DATA PROTECTION – RIGHT OR LUXURY, OBLIGATION OR BURDEN

The right to privacy and the right to protection of personal data are basic human rights. In the legal world, it is impossible for the protection of a human right to become a privilege only for those who can afford it. However, in today’s world we are faced with many situations where it is difficult to observe sufficiently adequately whether our rights are not violated. Often this depends on our ability to allocate a resource for it – time, knowledge, money. When technology and devices monitor us around the clock, and the digital services we rely on require a great deal of personal data to function, anonymity becomes impossible.
What happens when data privacy becomes a luxury only the rich can afford?

Data is perhaps one of the most valuable assets in today’s world. They are a critical factor determining the mergers and acquisitions of many technology companies. Consider Google. The acquisition of FitBit increases its data portfolio to include health information for hundreds of thousands of people worldwide. The goal is a competitive advantage over the Apple Watch and Samsung.

This is a modest addition to all the other data about what users are searching for, where they live, where they work, their travel patterns, interests and much more.

Have you ever used public Wi-Fi? Then at the very least, you’ve provided your phone’s IP address and location data, in addition to other contact and personal information. What’s more, with Internet of Things devices increasingly inhabiting homes and capturing data, the idea of privacy is becoming wishful thinking.

Where does all this information go? One obvious answer is ads. For example, if you have searched for an item on obuvki.bg and have not yet purchased it, it is very likely that you will see ads for those products that you have viewed on other websites you visit.
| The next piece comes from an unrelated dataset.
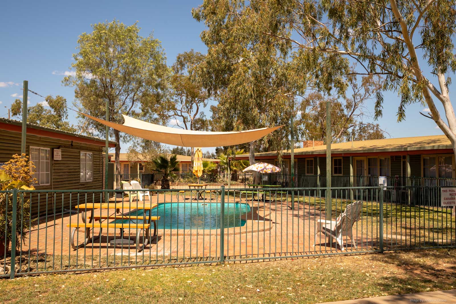 You can’t miss the entrance to the Outback Resort with its signature flying van painted by local artist John Murray. Inside you will find all accommodation options catered for, with a campground, caravan park and amenities, and cabin-style motel accommodation with spacious parking available for travellers.

Microtargeting of ads is only possible thanks to the vast amount of data we have voluntarily provided.

And here again the question of the right to choose in the provision of data and the possibility to really exercise it arises. Today, there are more and more companies whose main business is protecting your identity online, such as VPNs, services that encrypt data in the cloud, and subscriptions that provide you with randomized email addresses and contact numbers to access websites without indicate real details.
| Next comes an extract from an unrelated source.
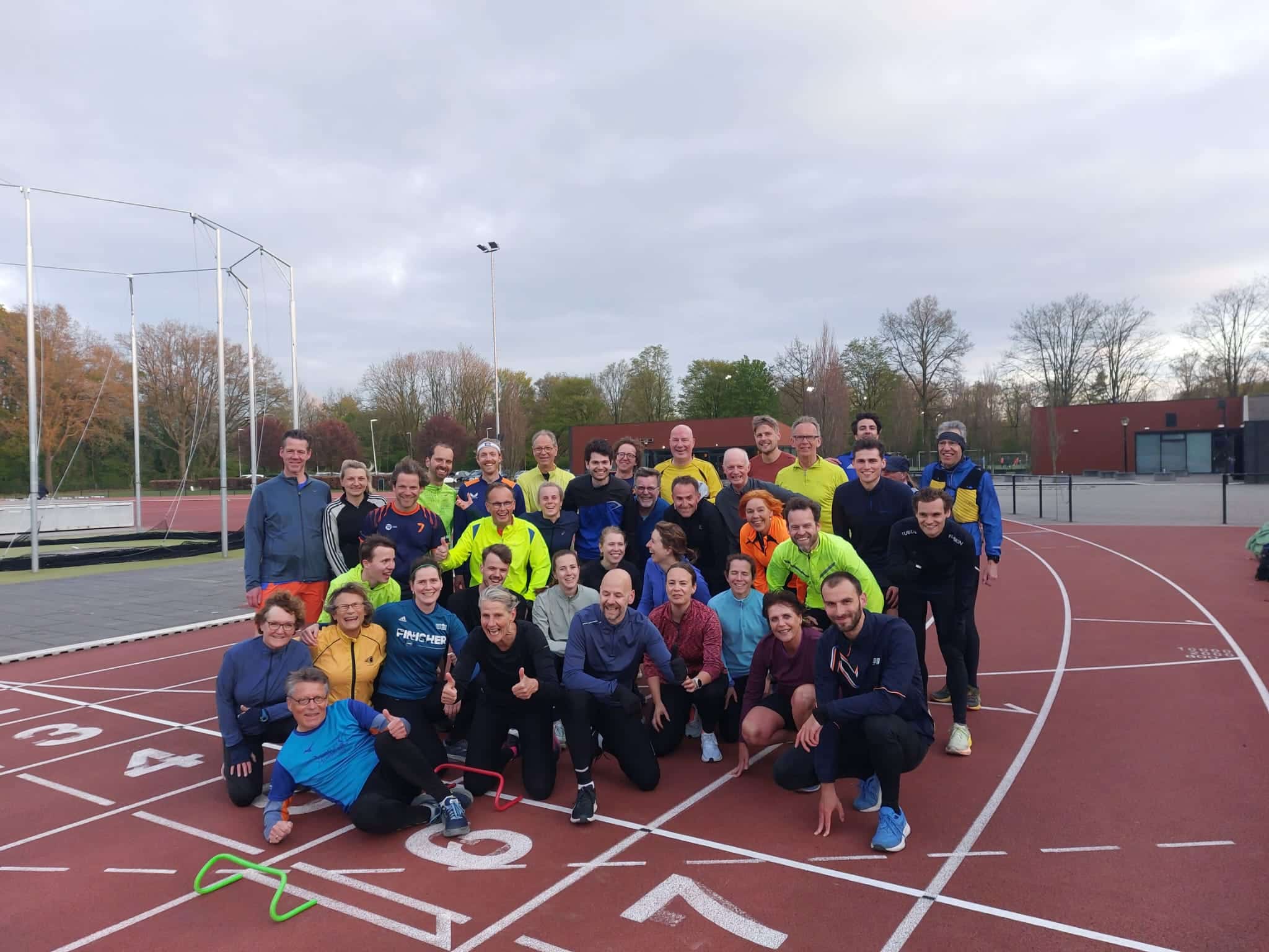 De interval- en duurloopgroep splitsen zich op na het gezamenlijke deel.

But many of these services come at a price. Literally.

The protection of personal data as a right has its counterpoint with the clear formulation of the obligation of administrators and processors of personal data. An obligation that arises regardless of the basis and reason for it, regardless of the field of activity in which the administrator operates, regardless of the number of his employees or his turnover. However, here again the question arises of the means that the administrator must invest in order to implement the technical and administrative measures for data protection. Whether it will use the available resource by reorganizing the activities for certain employees or rely on an external service, for which it will enter into a separate contract; whether he will invest in training his employees – it all depends on financial means and/or time he will spend. And time, as we all know, is money. The need to be fair and to comply with the requirements of data protection legislation is indisputable. This will save us not only fines, but also build trust among our customers, users of our services, employees and partners. And trust is priceless.
Personal data comes at a price. Who pays the bill in the end and how salty it will be is a matter of choice.